▶ **PROBLEM REQUIREMENTS**
A faithful transcription of all the data, images excluded, is the required answer.

▶ **DATA PROVIDED**
☆ ☆ ☆ ☆
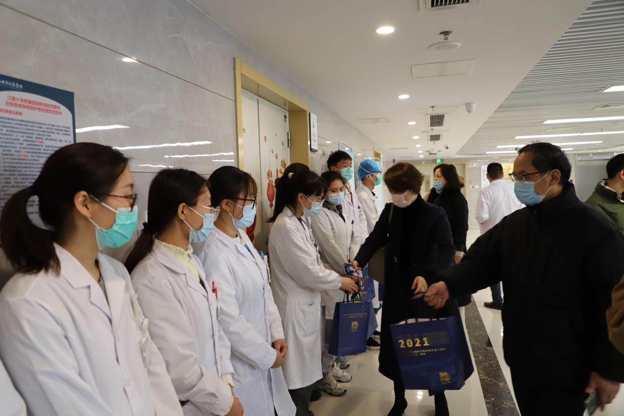 1月19日上午,在附属医院副院长曹宏、教育处处长徐德武等老师的陪同下,伟德国际victor1946党委书记向琪,党委副书记、副院长奚晓岚,副院长、教务处副处长兼附属医院副院长赵鹏,伟德国际victor1946基础医学系系主任吴国胜,护理系系主任蒋玉宇,公共卫生系系主任吴郁,临床1701班班主任邬敏辰,以及研究生秘书、班主任、辅导员老师们来到附属医院,看望和慰问寒假实习学生,了解他们实习期间学习和工作情况,叮嘱他们在完成临床学习的同时要做好自我防护,同时为实习学生送上牛奶、零食礼包等慰问品,给临床带教老师送上鲜花和祝福。
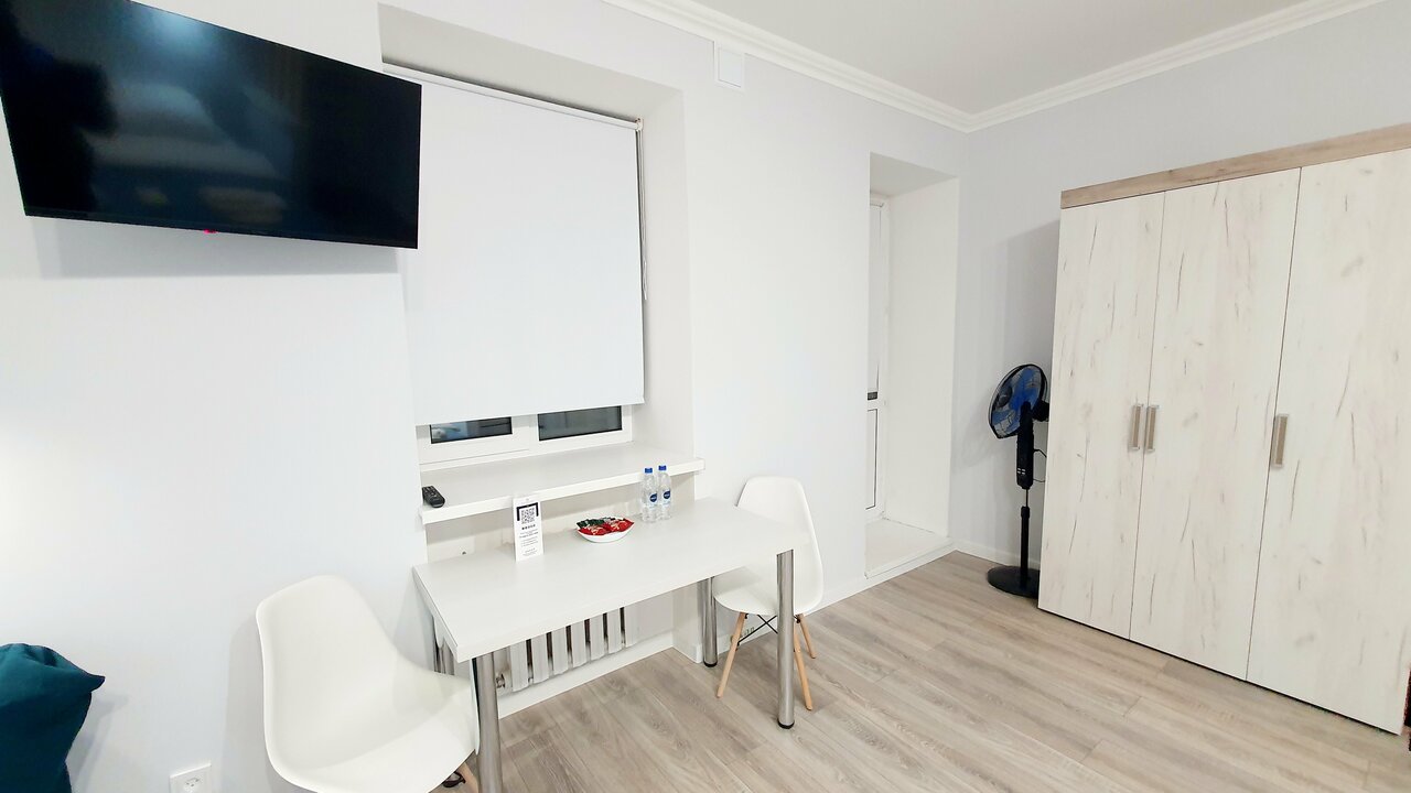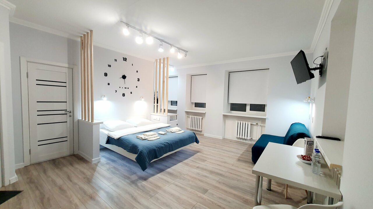 Отличная студия!!!! Чистая, светлая, все необходимое для отдыха имеется.В номере 2-х спальная кровать и диван, плита, микроволновка, телевизор, холодильник, чайник.Как презент чокопай)) за что отдельное спасибо от детей. В номере есть мини-бар(отдельно оплачивается) Классно что все бесконтактно.Так же утром можно будет выпить кофе на ресепшене.
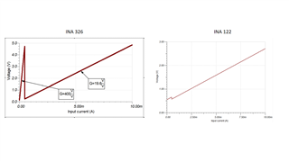但由于 INA326不可用性、我正在考虑使用 INA122作为替代方案、如参考设计文档修改部分第12页中所述。 很遗憾、我无法获得与针对 INA326获得的结果类似的结果。 请告诉我、为了获得相似的直流特性、我应该对设计进行哪些更改。 此外、我还想知道是否还有其他任何电路可用于我的应用。
☆ ☆ ☆ ☆
▶ **OUTPUT BELOW**
 1月19日上午,在附属医院副院长曹宏、教育处处长徐德武等老师的陪同下,伟德国际victor1946党委书记向琪,党委副书记、副院长奚晓岚,副院长、教务处副处长兼附属医院副院长赵鹏,伟德国际victor1946基础医学系系主任吴国胜,护理系系主任蒋玉宇,公共卫生系系主任吴郁,临床1701班班主任邬敏辰,以及研究生秘书、班主任、辅导员老师们来到附属医院,看望和慰问寒假实习学生,了解他们实习期间学习和工作情况,叮嘱他们在完成临床学习的同时要做好自我防护,同时为实习学生送上牛奶、零食礼包等慰问品,给临床带教老师送上鲜花和祝福。
 Отличная студия!!!! Чистая, светлая, все необходимое для отдыха имеется.В номере 2-х спальная кровать и диван, плита, микроволновка, телевизор, холодильник, чайник.Как презент чокопай)) за что отдельное спасибо от детей. В номере есть мини-бар(отдельно оплачивается) Классно что все бесконтактно.Так же утром можно будет выпить кофе на ресепшене.
但由于 INA326不可用性、我正在考虑使用 INA122作为替代方案、如参考设计文档修改部分第12页中所述。 很遗憾、我无法获得与针对 INA326获得的结果类似的结果。 请告诉我、为了获得相似的直流特性、我应该对设计进行哪些更改。 此外、我还想知道是否还有其他任何电路可用于我的应用。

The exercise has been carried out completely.